## Provided records
-------------------------
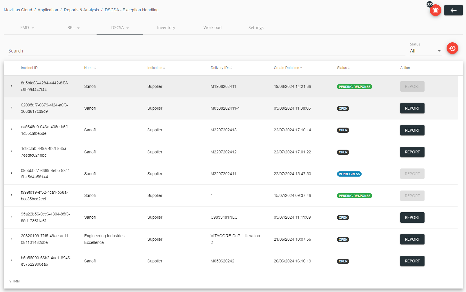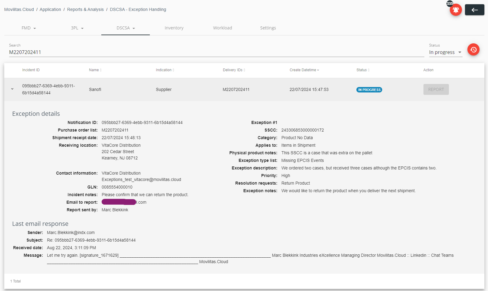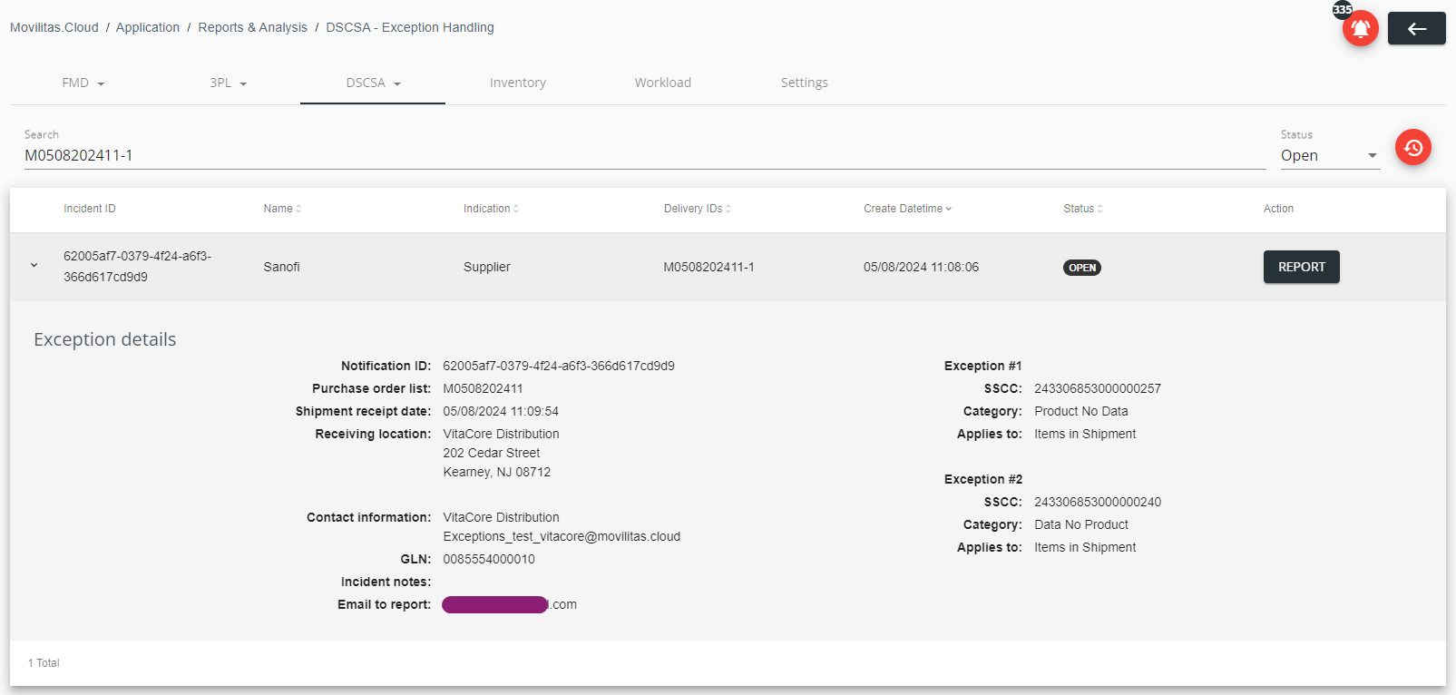 The Reports & Analysis application enables you to view the incident, give the exception details, and report the incident by email. The generated email describes the exception details in a formatted, easy-to-read manner while the exception details are also attached as a JSON file. The application constructs the JSON file by following the PDG DSCSA Exception Notification schema.
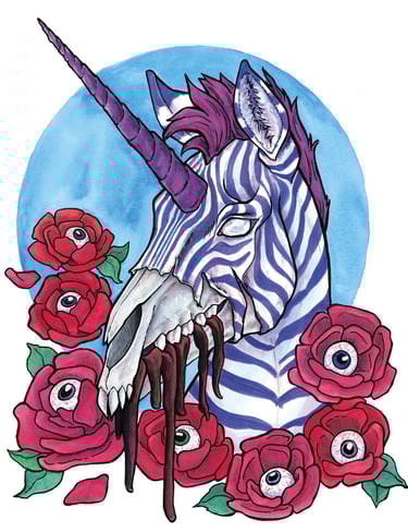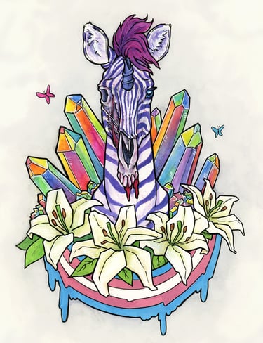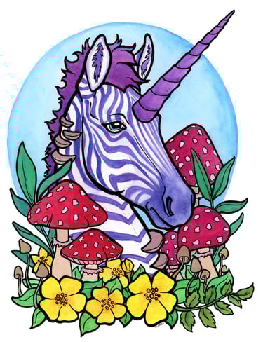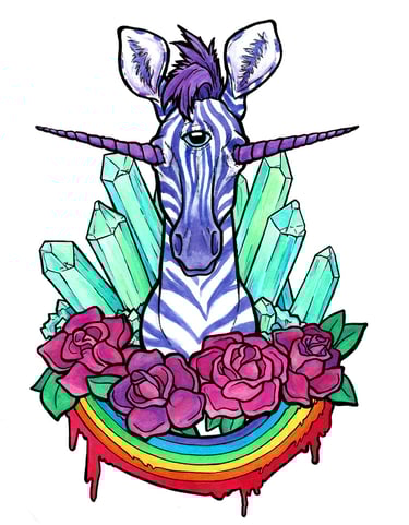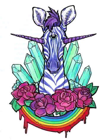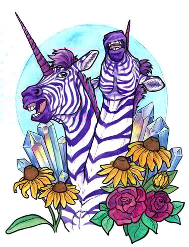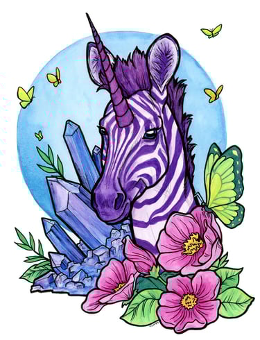 The purple Zebracorn series began as a healing celebration of the beauty and magic of being different. Early pieces featured vibrant, beautiful zebracorns surrounded by crystals and flowers. As society's perceptions of those who are different have shifted over the past years, so have the pieces. The zebracorns have become strange.
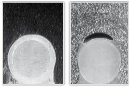 图为:常规隔热条头部与带热熔胶线隔热条头部截面对比
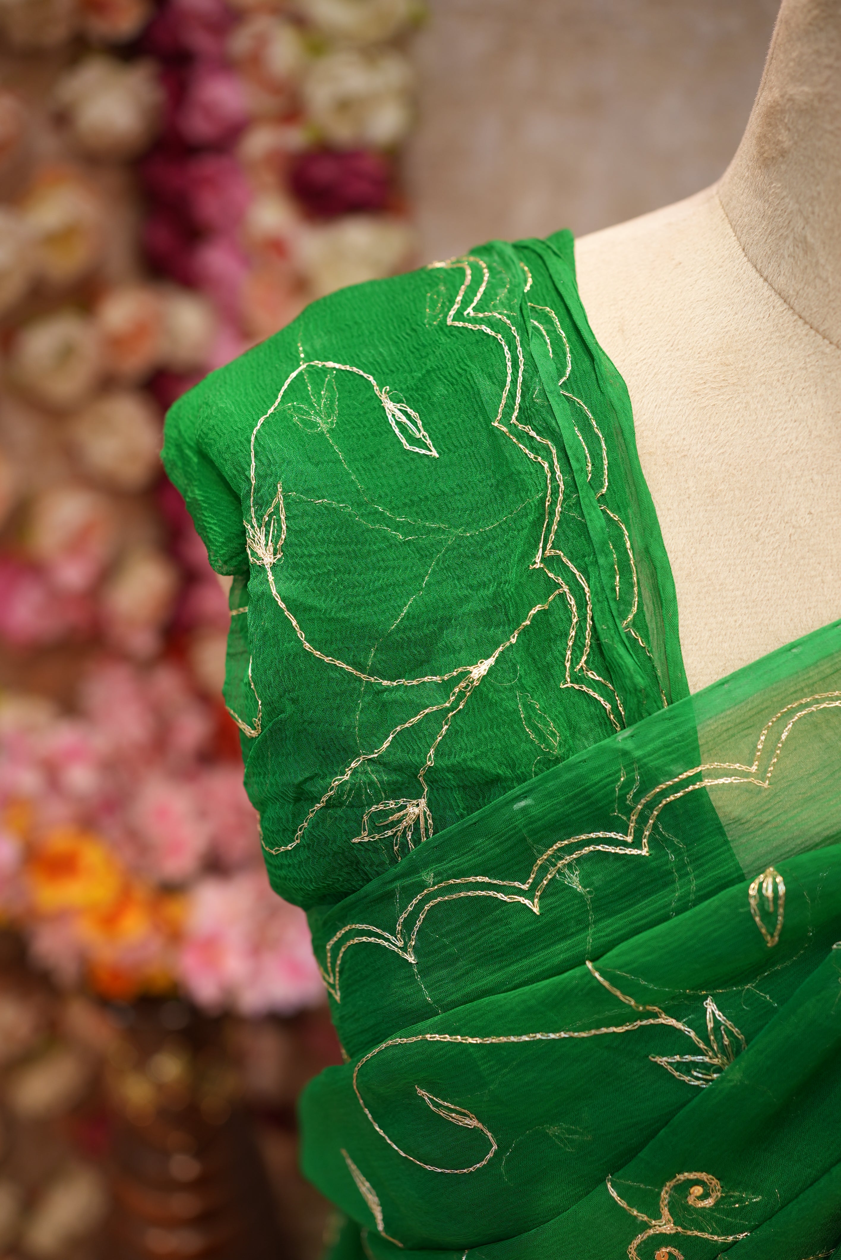 Experience the charm of royal Rajasthan with this Rajasthani Special Thakurji Chiffon Saree, beautifully adorned with traditional Aari Tari work. The delicate jaal pattern flows gracefully across the saree, while the intricate peacock design adds a touch of divine elegance and cultural richness. Crafted from lightweight chiffon fabric, this saree drapes effortlessly, offering comfort and sophistication in every fold.
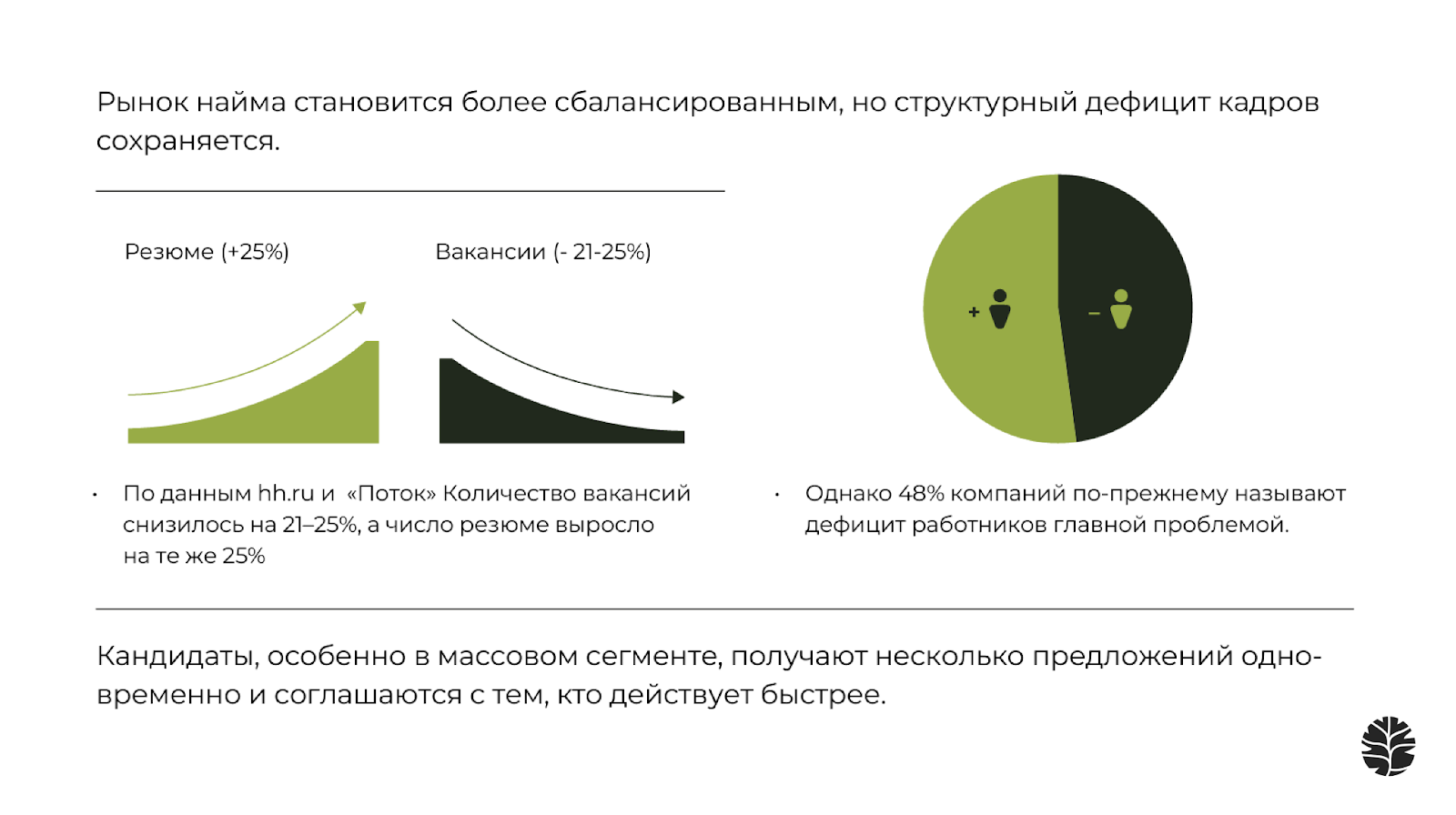 - One day offer становится новой нормой: оффер в день собеседования — конкурентное преимущество.
-------------------------
## Problem to work on
Go back to the line containing "Experience the charm" and output it and every line after it through the end of the records, exactly, but not the pictures.

## Answer for the task
 Experience the charm of royal Rajasthan with this Rajasthani Special Thakurji Chiffon Saree, beautifully adorned with traditional Aari Tari work. The delicate jaal pattern flows gracefully across the saree, while the intricate peacock design adds a touch of divine elegance and cultural richness. Crafted from lightweight chiffon fabric, this saree drapes effortlessly, offering comfort and sophistication in every fold.
 - One day offer становится новой нормой: оффер в день собеседования — конкурентное преимущество.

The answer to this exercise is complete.